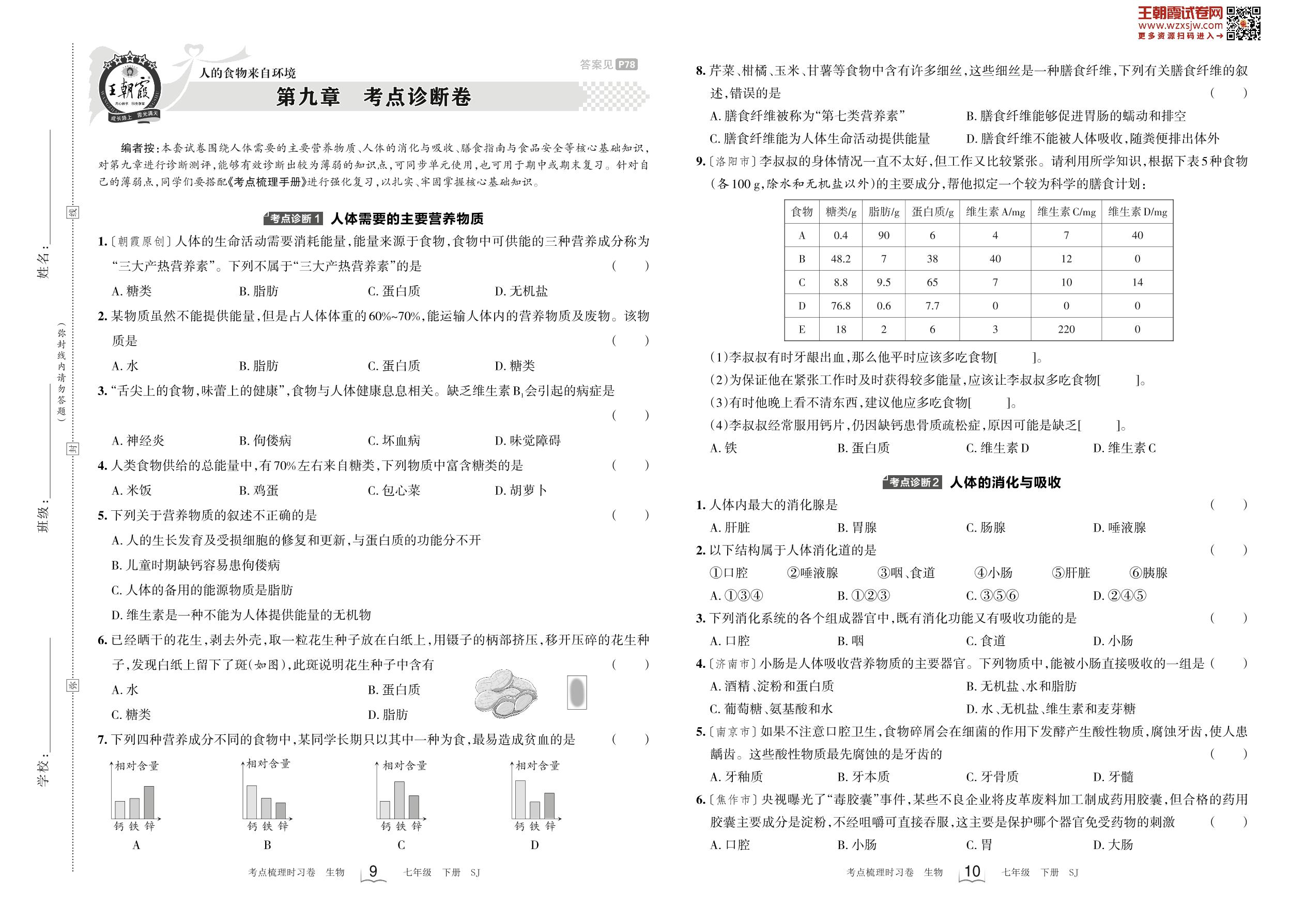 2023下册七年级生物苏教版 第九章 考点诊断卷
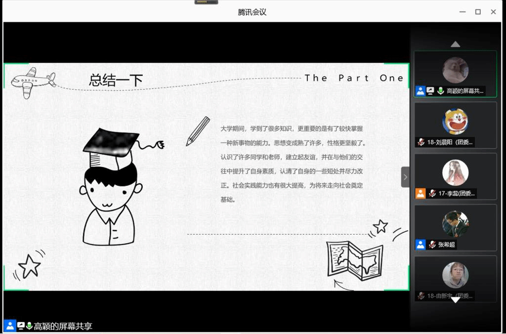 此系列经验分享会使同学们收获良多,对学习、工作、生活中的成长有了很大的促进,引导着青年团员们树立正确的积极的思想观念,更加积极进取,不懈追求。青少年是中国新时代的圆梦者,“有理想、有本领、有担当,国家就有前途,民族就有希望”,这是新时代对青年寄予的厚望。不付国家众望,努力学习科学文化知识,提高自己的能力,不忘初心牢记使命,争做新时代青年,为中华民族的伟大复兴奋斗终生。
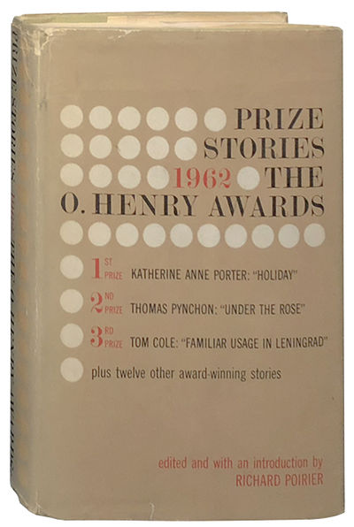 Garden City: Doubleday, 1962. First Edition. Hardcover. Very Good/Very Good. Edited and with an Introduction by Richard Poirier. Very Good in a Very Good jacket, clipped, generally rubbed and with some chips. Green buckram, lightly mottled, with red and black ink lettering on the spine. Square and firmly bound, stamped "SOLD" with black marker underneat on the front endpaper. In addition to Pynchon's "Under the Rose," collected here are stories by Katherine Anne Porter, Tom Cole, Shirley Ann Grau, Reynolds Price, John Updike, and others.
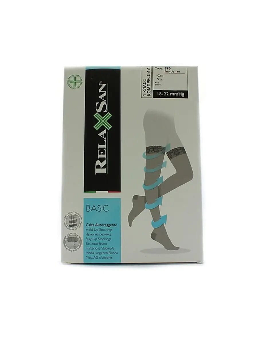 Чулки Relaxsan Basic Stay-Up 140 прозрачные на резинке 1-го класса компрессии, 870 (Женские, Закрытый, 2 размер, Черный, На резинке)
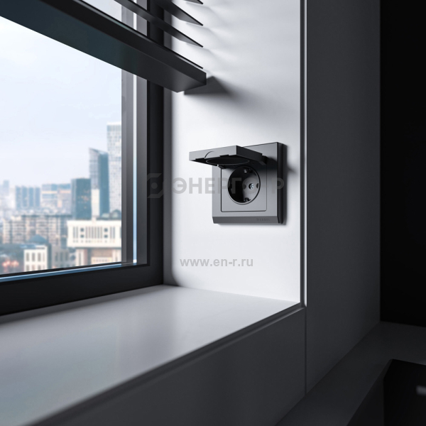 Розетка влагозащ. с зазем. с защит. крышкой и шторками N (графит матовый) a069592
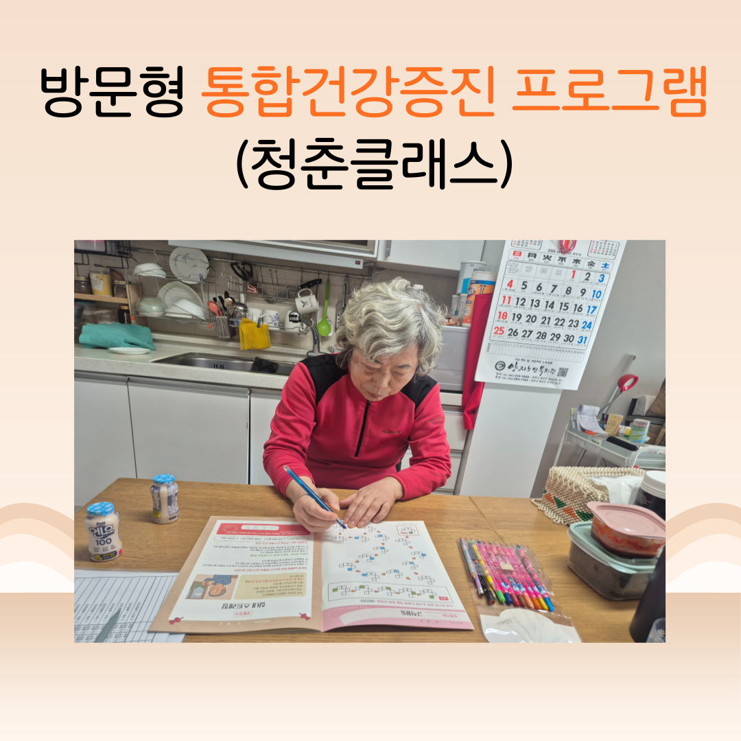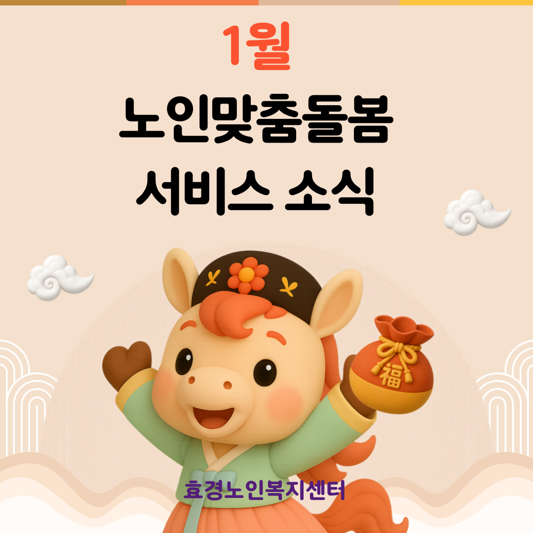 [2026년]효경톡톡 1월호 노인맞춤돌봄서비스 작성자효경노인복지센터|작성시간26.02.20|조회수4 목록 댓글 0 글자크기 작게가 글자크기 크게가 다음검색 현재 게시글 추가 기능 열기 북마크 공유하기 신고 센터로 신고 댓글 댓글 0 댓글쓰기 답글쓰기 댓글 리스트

* **Task goal**: All entries should be restated word for word; no images belong in the copy.

* **Response area**:
 2023下册七年级生物苏教版 第九章 考点诊断卷
 此系列经验分享会使同学们收获良多,对学习、工作、生活中的成长有了很大的促进,引导着青年团员们树立正确的积极的思想观念,更加积极进取,不懈追求。青少年是中国新时代的圆梦者,“有理想、有本领、有担当,国家就有前途,民族就有希望”,这是新时代对青年寄予的厚望。不付国家众望,努力学习科学文化知识,提高自己的能力,不忘初心牢记使命,争做新时代青年,为中华民族的伟大复兴奋斗终生。
 Garden City: Doubleday, 1962. First Edition. Hardcover. Very Good/Very Good. Edited and with an Introduction by Richard Poirier. Very Good in a Very Good jacket, clipped, generally rubbed and with some chips. Green buckram, lightly mottled, with red and black ink lettering on the spine. Square and firmly bound, stamped "SOLD" with black marker underneat on the front endpaper. In addition to Pynchon's "Under the Rose," collected here are stories by Katherine Anne Porter, Tom Cole, Shirley Ann Grau, Reynolds Price, John Updike, and others.
 Чулки Relaxsan Basic Stay-Up 140 прозрачные на резинке 1-го класса компрессии, 870 (Женские, Закрытый, 2 размер, Черный, На резинке)
 Розетка влагозащ. с зазем. с защит. крышкой и шторками N (графит матовый) a069592
 [2026년]효경톡톡 1월호 노인맞춤돌봄서비스 작성자효경노인복지센터|작성시간26.02.20|조회수4 목록 댓글 0 글자크기 작게가 글자크기 크게가 다음검색 현재 게시글 추가 기능 열기 북마크 공유하기 신고 센터로 신고 댓글 댓글 0 댓글쓰기 답글쓰기 댓글 리스트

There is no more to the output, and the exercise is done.